The new model will be applied to all centralized public administration, with individual authorities strongly recommended to follow a similar strategy.

Some exceptions will be made in a very limited number of circumstances and require management approval, the press release added.

“If it’s ticking a box to be present in the workplace, not how we work, not the work we produce, I really have to question the logic,” Carr said.

“Specifically, the amount of savings they’ve made during the pandemic that they could make saving taxpayer dollars.”

Immunocompromised employees can still apply for housing.

“As has been the case since the beginning of the pandemic, employees can rest assured that effective measures will continue to be taken to protect their health and safety in the workplace,” the press release said.

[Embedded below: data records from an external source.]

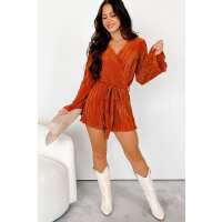 Thankful Hearts Long Sleeve Plisse Romper (Rust) MEDIUM
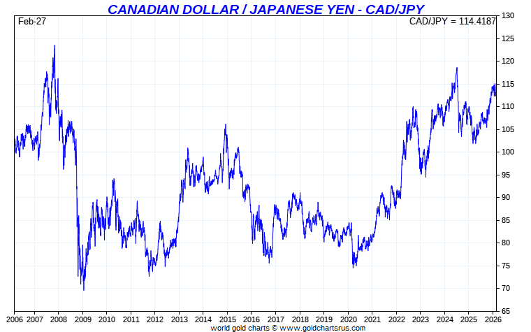 Live Forex Crosses - Japanese Yen - Canadian Dollar
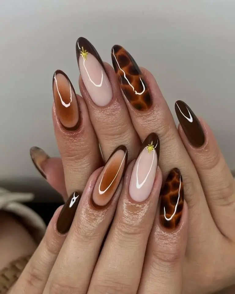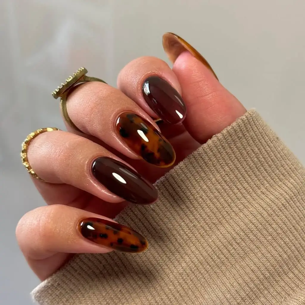For those who love earthy tones brown nail designs inspired by tortoiseshell patterns are a great way to embrace natural beauty. The rich mix of dark and light brown shades mimics the look of tortoiseshell creating a bold and unique design. It’s warm cozy and earthy making it perfect for fall or anyone who loves nature-inspired styles. Whether you go for a full tortoiseshell pattern or accent your nails with it this design brings out the beauty of brown in a way that feels both sophisticated and grounded.
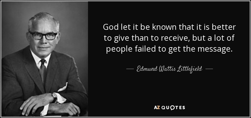 God let it be known that it is better to give than to receive, but a lot of people failed to get the message.
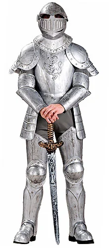 HelmetShoulder and Chest ArmorArm and Leg ArmorHoodPantsShirtBring the 16th century to the 21st in this knight in shinning armor costume! The adult knight costume includes a grey, polyester shirt, pants and hood. The shirt has long sleeves with a “v” shaped neckline while the pants are secured in place with an elastic waistband and the hood ties under the chin. The costume includes instructions for easy assembly of the torso, shoulder, arm, forearm, hip, thigh, knee, shin and foot armor. The armor is made from plastic and painted silver. It features authentic details and accents to give it a worn appearance. The chest piece has a lion on the chest to show this knight’s bravery. The pieces are secured in place with velcro and elastic bands. Add our knight’s shield and sword and prepare for battle at your next costume or Renaissance event!
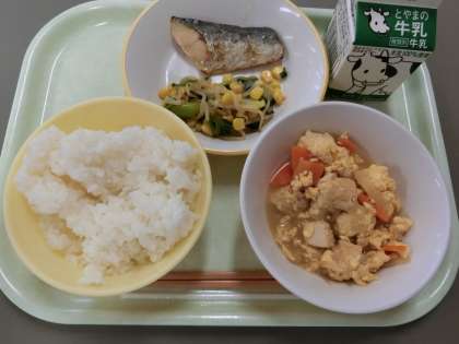今日の献立は「ご飯、牛乳、鰆の西京焼き、コーン和え、厚揚げの錦とじ」でした。

Downtown Ottawa businesses have long fined federal employees who no longer come downtown to work. However, the government has not said it would eventually bring all staff back to the office five days a week.

“Hybrid work is the future of public service,” the statement said.

CLOCK | Downtown bar manager hopes business will pick up with return to work:

Downtown bar manager hopes return to work will boost business

Dominique Labelle of Château Lafayette in downtown Ottawa says she expects a return to a “somewhat normal” existence when officers return to the office for two to three days a week.